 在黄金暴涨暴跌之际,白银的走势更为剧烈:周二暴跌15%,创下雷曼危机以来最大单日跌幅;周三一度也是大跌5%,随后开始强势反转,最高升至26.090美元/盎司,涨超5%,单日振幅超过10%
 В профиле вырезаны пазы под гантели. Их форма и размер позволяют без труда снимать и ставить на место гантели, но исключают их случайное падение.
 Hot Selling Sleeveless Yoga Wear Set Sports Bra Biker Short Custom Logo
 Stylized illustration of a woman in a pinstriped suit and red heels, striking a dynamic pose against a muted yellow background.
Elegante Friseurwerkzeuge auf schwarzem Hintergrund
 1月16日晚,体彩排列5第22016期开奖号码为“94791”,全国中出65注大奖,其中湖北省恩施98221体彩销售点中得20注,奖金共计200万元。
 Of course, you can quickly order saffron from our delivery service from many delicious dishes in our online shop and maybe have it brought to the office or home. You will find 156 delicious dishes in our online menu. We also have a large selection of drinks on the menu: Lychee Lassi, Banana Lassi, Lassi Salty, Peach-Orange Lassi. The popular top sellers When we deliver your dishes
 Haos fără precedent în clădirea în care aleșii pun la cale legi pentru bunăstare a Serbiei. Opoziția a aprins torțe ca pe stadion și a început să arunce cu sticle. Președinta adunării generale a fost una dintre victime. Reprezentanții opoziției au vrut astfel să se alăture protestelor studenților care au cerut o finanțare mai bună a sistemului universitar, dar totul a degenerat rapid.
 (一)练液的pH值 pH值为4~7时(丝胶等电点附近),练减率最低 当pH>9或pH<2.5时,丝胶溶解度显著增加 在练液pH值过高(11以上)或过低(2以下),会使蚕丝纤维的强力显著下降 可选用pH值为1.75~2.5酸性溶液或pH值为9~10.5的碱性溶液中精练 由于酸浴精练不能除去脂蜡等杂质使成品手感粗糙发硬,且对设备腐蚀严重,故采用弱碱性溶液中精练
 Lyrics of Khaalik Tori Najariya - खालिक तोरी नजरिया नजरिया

**Task item**
Faithfully transcribe the whole of the data.

**Exercise solution**
 在黄金暴涨暴跌之际,白银的走势更为剧烈:周二暴跌15%,创下雷曼危机以来最大单日跌幅;周三一度也是大跌5%,随后开始强势反转,最高升至26.090美元/盎司,涨超5%,单日振幅超过10%
 В профиле вырезаны пазы под гантели. Их форма и размер позволяют без труда снимать и ставить на место гантели, но исключают их случайное падение.
 Hot Selling Sleeveless Yoga Wear Set Sports Bra Biker Short Custom Logo
 Stylized illustration of a woman in a pinstriped suit and red heels, striking a dynamic pose against a muted yellow background.
Elegante Friseurwerkzeuge auf schwarzem Hintergrund
 1月16日晚,体彩排列5第22016期开奖号码为“94791”,全国中出65注大奖,其中湖北省恩施98221体彩销售点中得20注,奖金共计200万元。
 Of course, you can quickly order saffron from our delivery service from many delicious dishes in our online shop and maybe have it brought to the office or home. You will find 156 delicious dishes in our online menu. We also have a large selection of drinks on the menu: Lychee Lassi, Banana Lassi, Lassi Salty, Peach-Orange Lassi. The popular top sellers When we deliver your dishes
 Haos fără precedent în clădirea în care aleșii pun la cale legi pentru bunăstare a Serbiei. Opoziția a aprins torțe ca pe stadion și a început să arunce cu sticle. Președinta adunării generale a fost una dintre victime. Reprezentanții opoziției au vrut astfel să se alăture protestelor studenților care au cerut o finanțare mai bună a sistemului universitar, dar totul a degenerat rapid.
 (一)练液的pH值 pH值为4~7时(丝胶等电点附近),练减率最低 当pH>9或pH<2.5时,丝胶溶解度显著增加 在练液pH值过高(11以上)或过低(2以下),会使蚕丝纤维的强力显著下降 可选用pH值为1.75~2.5酸性溶液或pH值为9~10.5的碱性溶液中精练 由于酸浴精练不能除去脂蜡等杂质使成品手感粗糙发硬,且对设备腐蚀严重,故采用弱碱性溶液中精练
 Lyrics of Khaalik Tori Najariya - खालिक तोरी नजरिया नजरिया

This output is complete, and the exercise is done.